BEGIN

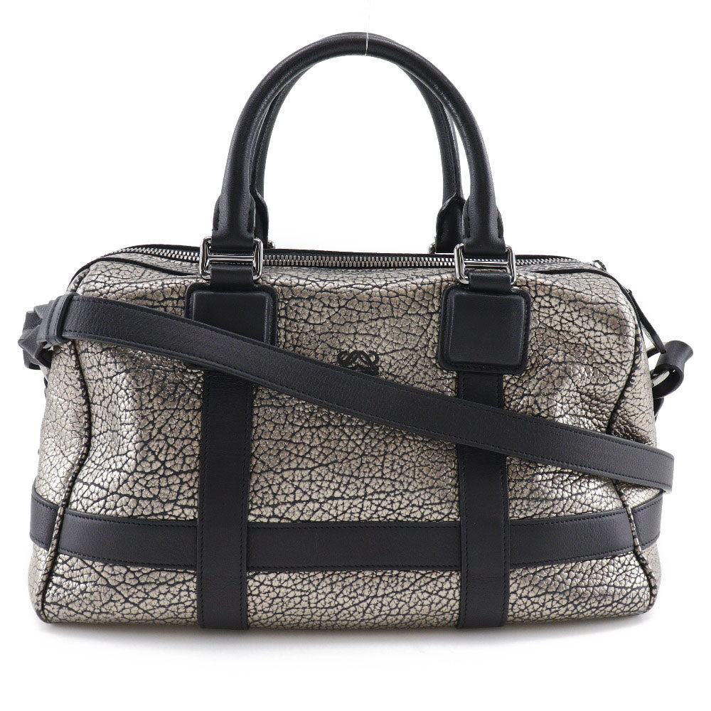 LOEWE Handbag Calfskin Black, Silver Mini Boston 2WAYShoulder Women Used Authentic
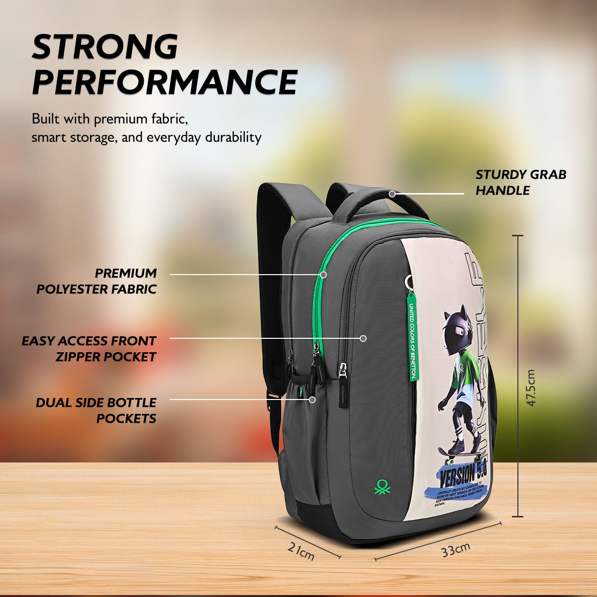 Buckle accents and utility pockets. Adds functionality. Stylish elements. Practical design. Student-friendly.
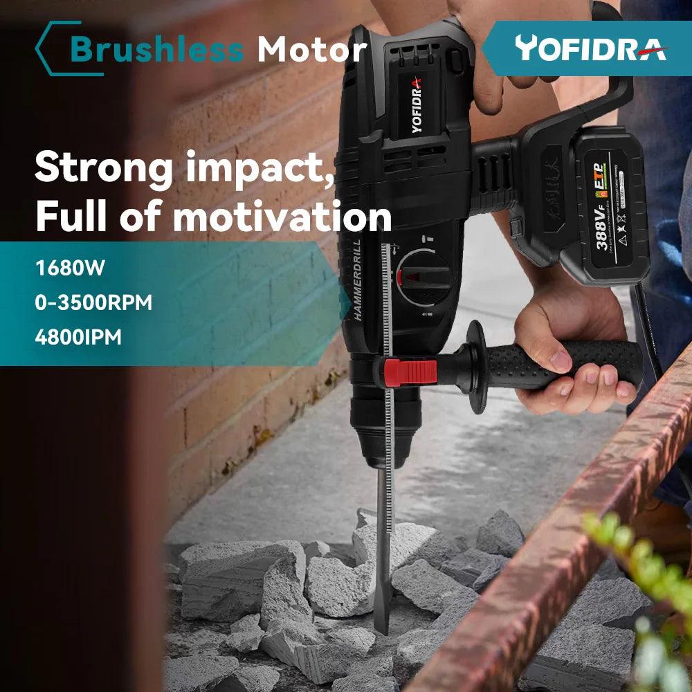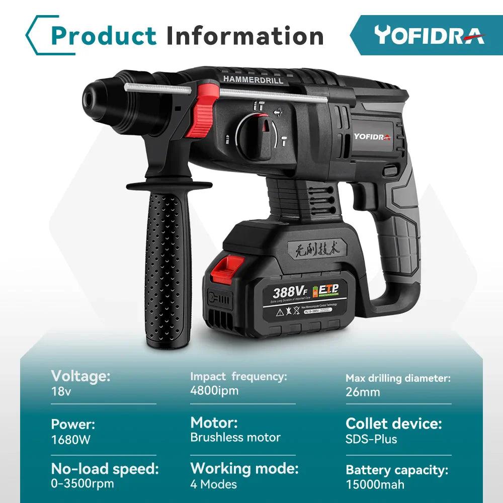 Yofidra 26mm Brushless Electric Hammer Drill Cordless Tool
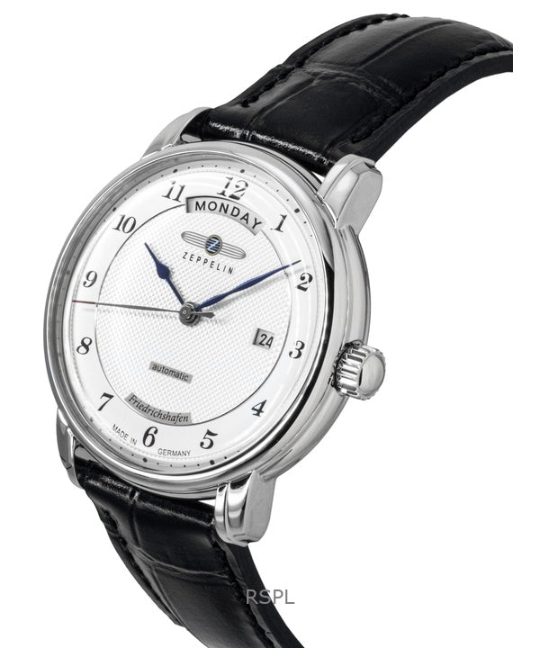Zeppelin Friedrichshafen Black Leather Strap Silver Dial Automatic 85624 Men's Watch
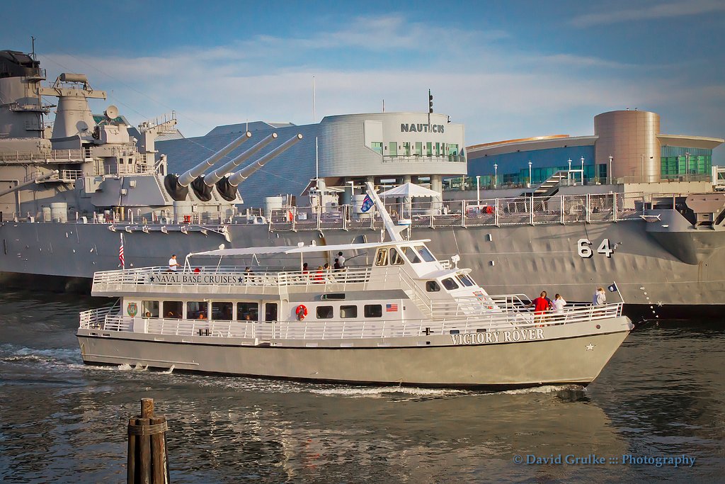 *Visit the ‘Nauticus’ and the National Maritime Center that allows visitors to explore the power of the sea with high-tech virtual reality – really neat! Step onto the Battleship “USS Wisconsin”, one of the largest battleships ever built – used during the Korean Conflict and Gulf War.
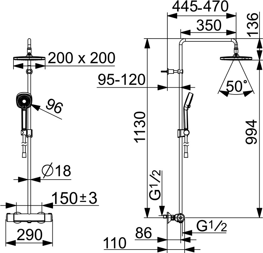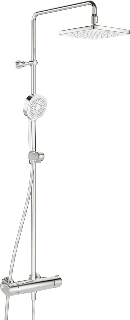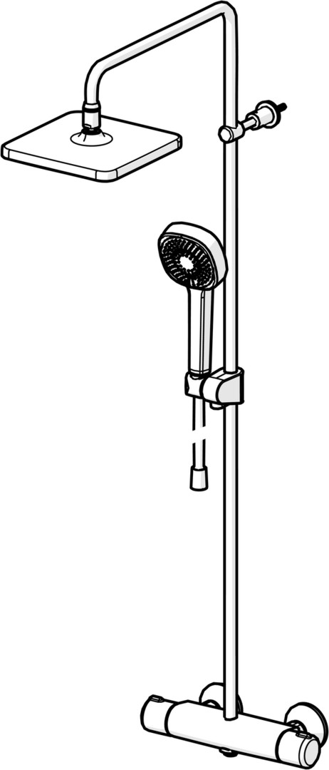 DN 15, Heißwasserversorgung max. 65°C, Arbeitsdruck 1-10 bar, Durchfluss bei 3 bar 18 / 15,6 l/min, Anschlussgröße G1/2, Kopfbrausengröße 200 x 200 mm, Handbrausengröße Ø 95 mm, Ausladung 445-470 mm, Installationsabstand 150 ± 3 mm, Sicherungseinrichtung (EN1717) EB, Geräuschklasse I (ISO 3822), Material Messing, Handbrause, Brausestange, Kopfbrause, verstellbare Brausestangehalterung, Brauseschlauch (1750 mm), Eco-Durchfuss, variable Montagemöglichkeit, schwenkbares Kugelgelenk, Anti-Kalk-Technik, S-Anschlüsse, Außengewinde, Abdeckung(en), Schalldämpfer, Oberteil mit keramischen Dichtscheiben zur Wassermengeneinstellung für einen Abgang, Thermostatkartusche zur Temperaturreglung, Rückfussverhinderer, Schmutzflter, Drehumsteller, druckunabhängig, integrierter Umsteller mit Absperrung, Sicherheitssperre gegen Verbrühen bei 38°C, mehr Sicherheit durch minimales Erwärmen des Armaturengehäuses, Temperatureinstellgriff, Durchfusseinstellgriff, Eco-Funktion für die Wassermenge, Sicherheitshebel, 3-strahlig, kürzbar
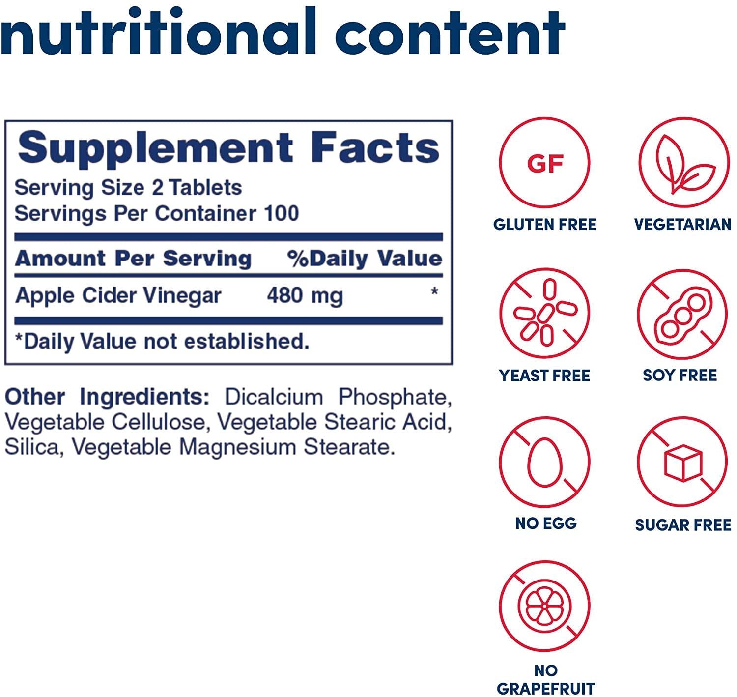American Health Apple Cider Vinegar Tablets - Balanced Diet And Exercise Program Support, No Tart Vinegar Taste - Non-GMO, Gluten-Free - 480 mg, 200 Count - 100 Total Servings
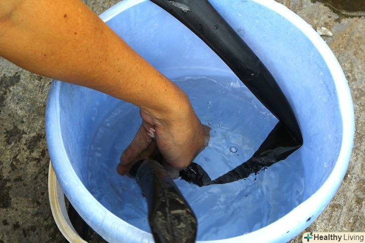 Злегка накачайте камеру, щоб визначити витік.чим більше ви накачаєте повітря, тим сильніше роздується камера (і прокол) і тим легше буде виявити місце проколу.
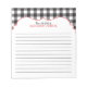Black and white buffalo plaid or gingham plaid pattern personalized notepad. Red accents. You can personalize the name on this custom notepad. Country, western design.
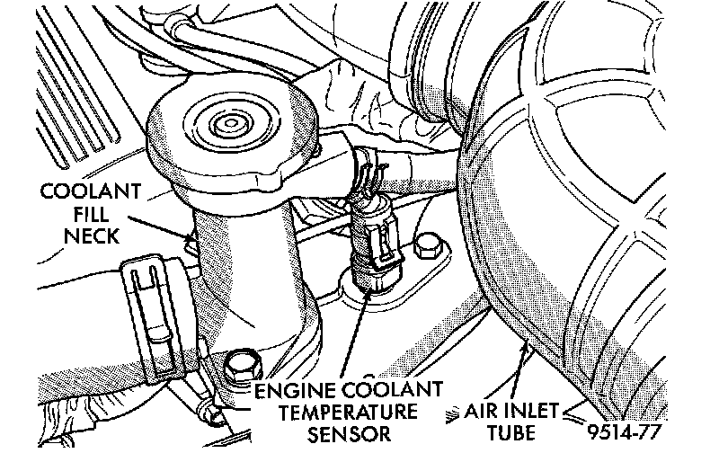 The engine coolant temperature sensor is located next to the fill neck.
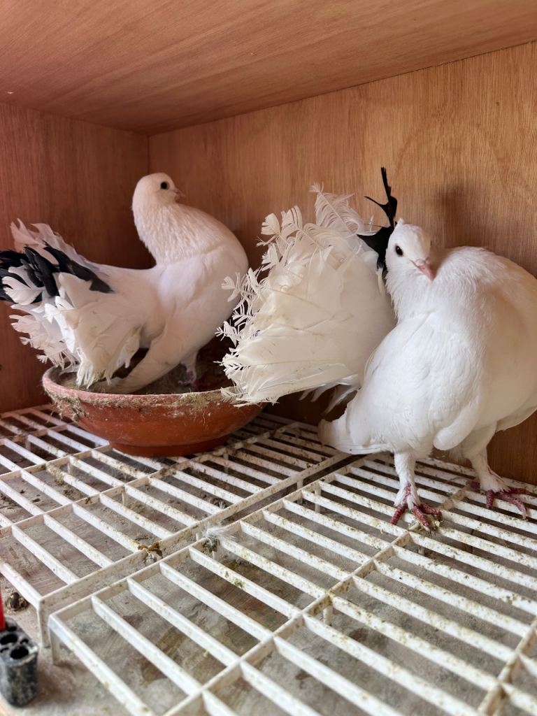 pair of show fantail pigeons. Very healthy birds.
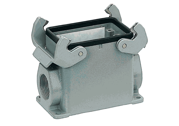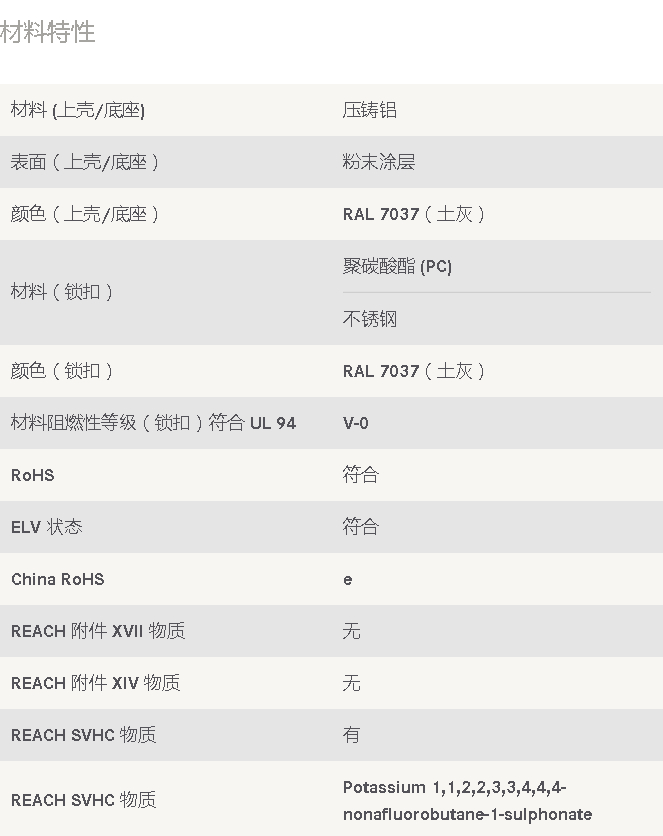 表面安装底座, 尺寸: 32 A, 高结构, 双锁扣, 聚碳酸酯 (PC), 不锈钢, 边出线, 2x Pg 21, 材料 (上壳/底座): 压铸铝, 粉末涂层, RAL 7037(土灰), 防护等级: IP65
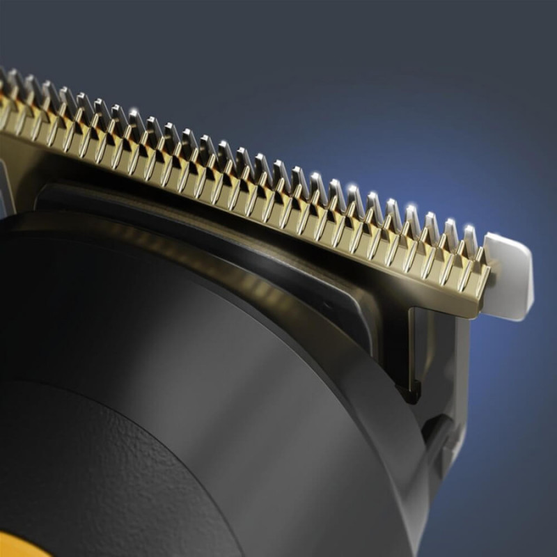 Самозаточувальні леза з титановим покриттям у три рази міцніші за нержавіючу сталь, що гарантує довговічну гостроту та бездоганний результат. Потужний роторний мотор зі швидкістю 6500 об/хв забезпечує стабільну ефективність під час будь-якого типу стрижки. Літій-іонний акумулятор працює до 120 хвилин без підзарядки, а повна зарядка триває лише 90 хвилин. Завдяки технології Wet&Dry тример можна безпечно використовувати під душем і легко очищати під струменем води.
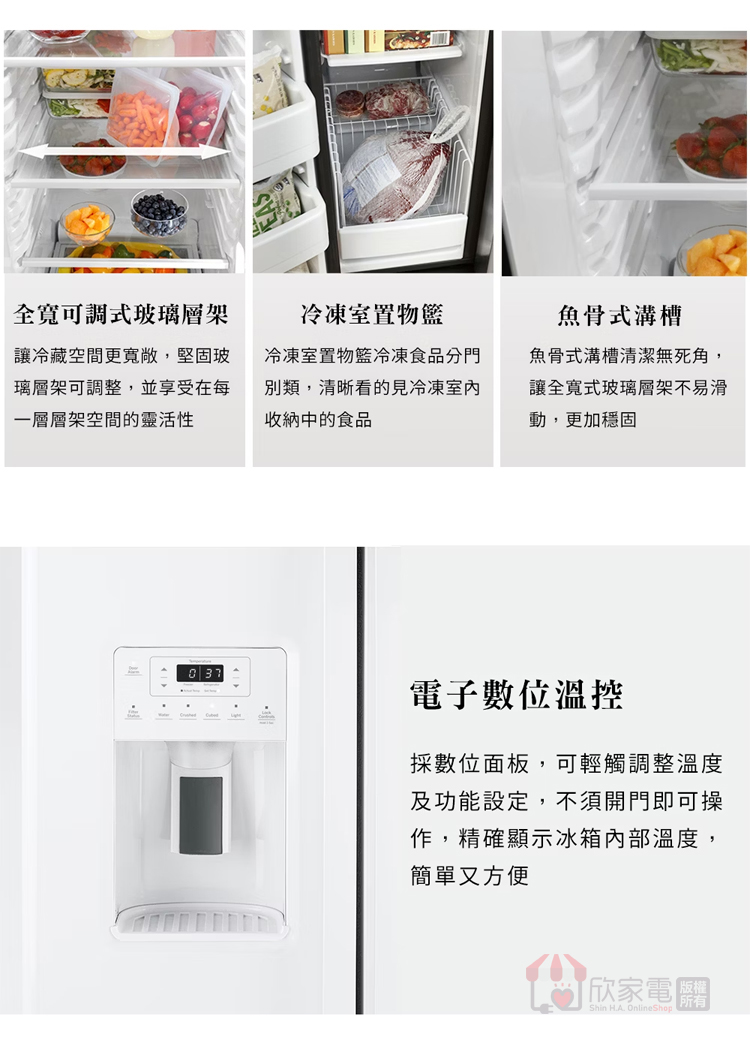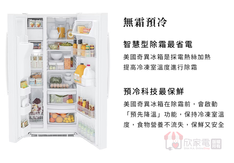 GE 奇異 702公升 窄寬對開門冰箱 -純白
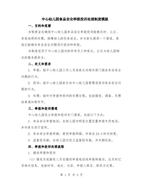 二、定义和要求1. 举报:指中心幼儿园工作人员或家长向相关部门报告食品安全问题的行为。
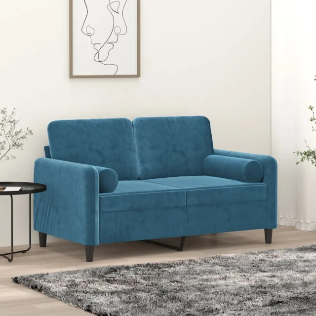kavč - Sofa - Kanape dvosed z okrasnimi blazinami moder 120 cm žamet
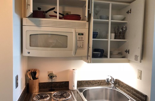 The studio has a fully equipped kitchenette, 42" flat screen TV with cable / WiFi, quality king pillow-top bed, desk, chairs and a sleeper sofa. The room art detail includes Honduras Mahogany Art by Jim Mitchell. The glass end wall overlooks Biscayne Bay and opens to your private balcony to enjoy morning coffee or afternoon and evening drinks overlooking sailboats and fantastic ocean views with wonderful ocean breezes. The bathroom has a teak bench and soap, shampoo, conditioner, and lotion amenities - professionally cleaned and maintained.

END

Range to copy from the listing above: the line containing "Yofidra 26mm Brushless" down to the line containing "American Health Apple", both included. Reproduce it exactly, minus the pictures, and add nothing.

 Yofidra 26mm Brushless Electric Hammer Drill Cordless Tool
Zeppelin Friedrichshafen Black Leather Strap Silver Dial Automatic 85624 Men's Watch
 *Visit the ‘Nauticus’ and the National Maritime Center that allows visitors to explore the power of the sea with high-tech virtual reality – really neat! Step onto the Battleship “USS Wisconsin”, one of the largest battleships ever built – used during the Korean Conflict and Gulf War.
 DN 15, Heißwasserversorgung max. 65°C, Arbeitsdruck 1-10 bar, Durchfluss bei 3 bar 18 / 15,6 l/min, Anschlussgröße G1/2, Kopfbrausengröße 200 x 200 mm, Handbrausengröße Ø 95 mm, Ausladung 445-470 mm, Installationsabstand 150 ± 3 mm, Sicherungseinrichtung (EN1717) EB, Geräuschklasse I (ISO 3822), Material Messing, Handbrause, Brausestange, Kopfbrause, verstellbare Brausestangehalterung, Brauseschlauch (1750 mm), Eco-Durchfuss, variable Montagemöglichkeit, schwenkbares Kugelgelenk, Anti-Kalk-Technik, S-Anschlüsse, Außengewinde, Abdeckung(en), Schalldämpfer, Oberteil mit keramischen Dichtscheiben zur Wassermengeneinstellung für einen Abgang, Thermostatkartusche zur Temperaturreglung, Rückfussverhinderer, Schmutzflter, Drehumsteller, druckunabhängig, integrierter Umsteller mit Absperrung, Sicherheitssperre gegen Verbrühen bei 38°C, mehr Sicherheit durch minimales Erwärmen des Armaturengehäuses, Temperatureinstellgriff, Durchfusseinstellgriff, Eco-Funktion für die Wassermenge, Sicherheitshebel, 3-strahlig, kürzbar
American Health Apple Cider Vinegar Tablets - Balanced Diet And Exercise Program Support, No Tart Vinegar Taste - Non-GMO, Gluten-Free - 480 mg, 200 Count - 100 Total Servings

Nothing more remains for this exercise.